[Pvfs2-developers] [PATCH] threaded kmod helper

Phil Carns carns at mcs.anl.gov
Thu Feb 21 14:58:00 EST 2008


Sam Lang wrote:
> 
> On Feb 14, 2008, at 4:34 PM, Pete Wyckoff wrote:
> 
>> Add --enable option to build a threaded pvfs2-client-core, that is,
>> an executable linked against pvfs2-threaded.so.
>>
>> Remove the "--threaded" argument from pvfs2-client.  Whatever version
>> of client-core that was configured is all that is available at runtime.
>> It will always be installed as pvfs2-client-core.
>> ---
>> Makefile.in                          |   15 +++++++--------
>> configure                            |   17 +++++++++++++++--
>> configure.in                         |   20 ++++++++++++++++++++
>> src/apps/kernel/linux/module.mk.in   |    9 ++++++---
>> src/apps/kernel/linux/pvfs2-client.c |   31 
>> ++-----------------------------
>> 5 files changed, 50 insertions(+), 42 deletions(-)
>>
>>
>> What does everybody think about this?  I had complained a long time
>> ago about always getting a pvfs2-client-core and
>> pvfs2-client-core-threaded during a kernapps build.  The latter
>> brings in the entire libpvfs2-threaded.a and all the objects for
>> that.
>>
>> I don't have a feel for who uses the threaded client core.  The only
>> way to use it now is to start pvfs2-client with the "--threaded"
>> option.  So I made the --enable option default to off.  Is there a
>> reason to want both threaded and non-threaded versions installed?
> 
> I think the patch looks great.  My only concern is that this will make 
> the threaded client daemon never get used.  My view is that we should 
> probably have the threaded version as the default.  I think in the 
> general case, the threaded version is going to perform better.  Its 
> pretty hard to buy a system that doesn't have at least two cores today, 
> and even on a uni-processor system, the performance of the threaded 
> daemon shouldn't be much worse than the non-threaded.
> 
> I originally added the threaded client functionality to see if it would 
> help performance, but it turned out to be buggy.  Maybe with Phil's 
> recent thread-safety fixes to the system interfaces, we should revisit 
> making the threaded daemon the default.

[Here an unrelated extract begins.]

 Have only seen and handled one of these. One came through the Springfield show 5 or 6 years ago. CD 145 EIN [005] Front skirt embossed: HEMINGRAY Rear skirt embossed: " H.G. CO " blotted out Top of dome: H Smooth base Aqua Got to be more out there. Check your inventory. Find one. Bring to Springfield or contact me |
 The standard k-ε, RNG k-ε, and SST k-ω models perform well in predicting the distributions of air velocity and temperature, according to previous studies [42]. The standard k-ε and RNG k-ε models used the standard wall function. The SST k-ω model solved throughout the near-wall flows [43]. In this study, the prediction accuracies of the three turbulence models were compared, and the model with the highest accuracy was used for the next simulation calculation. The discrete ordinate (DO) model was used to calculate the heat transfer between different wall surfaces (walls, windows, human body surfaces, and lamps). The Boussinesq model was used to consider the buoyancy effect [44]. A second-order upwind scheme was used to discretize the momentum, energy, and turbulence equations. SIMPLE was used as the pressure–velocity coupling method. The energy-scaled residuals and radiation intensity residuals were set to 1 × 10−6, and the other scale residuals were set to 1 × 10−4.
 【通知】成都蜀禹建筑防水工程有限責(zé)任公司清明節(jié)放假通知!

FYI, I think the threaded client just got a boost in stability.  There 
was a subtle bug in the how the job thread mgr was dealing with the 
device that made it possible for it to pull operations out that could 
not be handled.  I think this could technically happen even with the 
non-threaded client, but this hasn't been a big deal because it could 
only be triggered with a) a lot of concurrent operations b) and a 
pvfs2-client-core daemon running fast enough to empty out the device 
queue (much easier w/ a dedicated thread).

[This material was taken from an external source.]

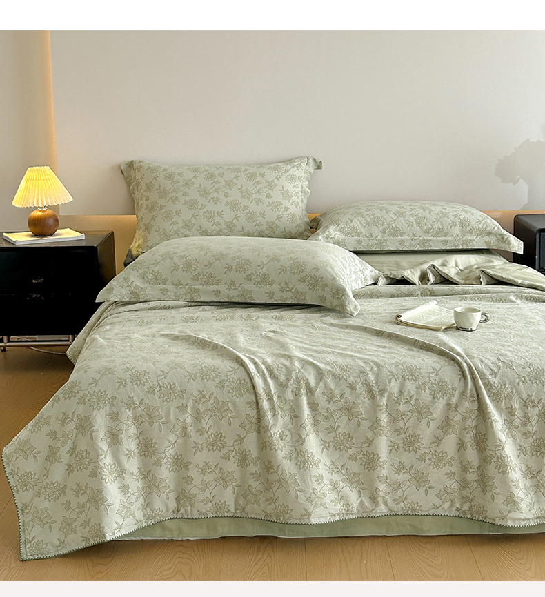 当前位置: 91家纺网 > 商品网购 > 被子 > 夏被 > 禾时 2026春夏新品色织提花夏被夏凉被空调被四件套(配全棉纱布) 艾莉(浅绿)

There was also in the last week or two a fix to how bmi_tcp kept track 
of socket errors that I suspect was relevant to the threaded client core 
as well, but I was tracking that down in the context of some server 
stuff so I can't say for sure.

I agree with everything in this email thread, just commenting on the 
state of the threaded client in case anyone following was curious.

> I'm not sure that the overhead of a single operation will be affected 
> much, honestly.  We can't disable threads and locking entirely, since we 
> need the remount thread running.  I think the patch I just committed to 
> fix the segfault in HEAD will likely help with individual operation 
> performance more than disabling threads would.  Just my 2c though.
>  Its hard to get a feeling for how much the threaded daemon would help 
> without a thorough performance analysis of the two on a number of 
> different systems.  Something I would like to do at some point, but its 
> pretty low on the list.

I don't have a good feel for the threaded / non threaded impacts 
performance either without looking into it more.

For the non-threaded version, that remount thread really bugs me.  It 
seems like there has to be another way to accomplish whatever its doing. 
  Its a shame to have to pull in lpthread and turn on all of the library 
locks when the client-core doesn't need either for 99% of what it does.